Citizens of the European Union are covered by Bulgaria's National Healthcare System as long as they carry an Eurocard (or European Health Insurance Card), obtainable from their own national healthcare authority.

Dental procedures in private clinics in Bulgaria are of excellent quality. Many people from Western European come to Bulgaria to have their teeth done for the quarter of the price they pay in their home countries.

Stay Safe

Bulgaria is generally a safe country, and people are quite friendly.
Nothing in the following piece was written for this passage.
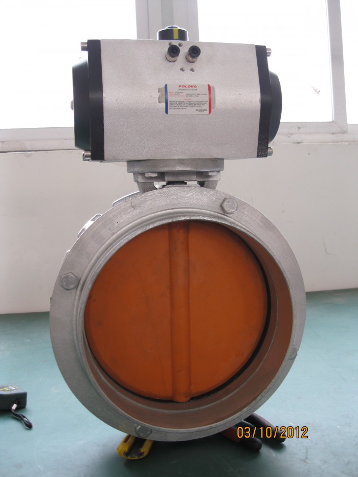 - 气动粉体蝴蝶阀采用重力浇铸而成的半阀体组成,半阀体为铝合金材料,旋转阀板采用高分子材料制作,具有良好的密封性。顶部及底部相同的圆法兰,具有一个顶部法兰以及一个折边部件,适用于一根柔性套管。

You should however behave according to common sense when you are outside of the main tourist areas, i.e. don't show too openly that you have money, don't dress too much like a tourist, watch your things, don't walk around the suburbs (esp. those of Sofia) at night, avoid dark streets at night. Stepping in a hole is a much greater danger in Bulgaria than getting robbed.

Emergency Phone Numbers

The pan-European standard number 112 for all emergency calls is working everywhere in Bulgaria since September 2008. If, for some reason, you can not connect to 112, dial 166 for police, 150 for ambulance and 160 for the fire department.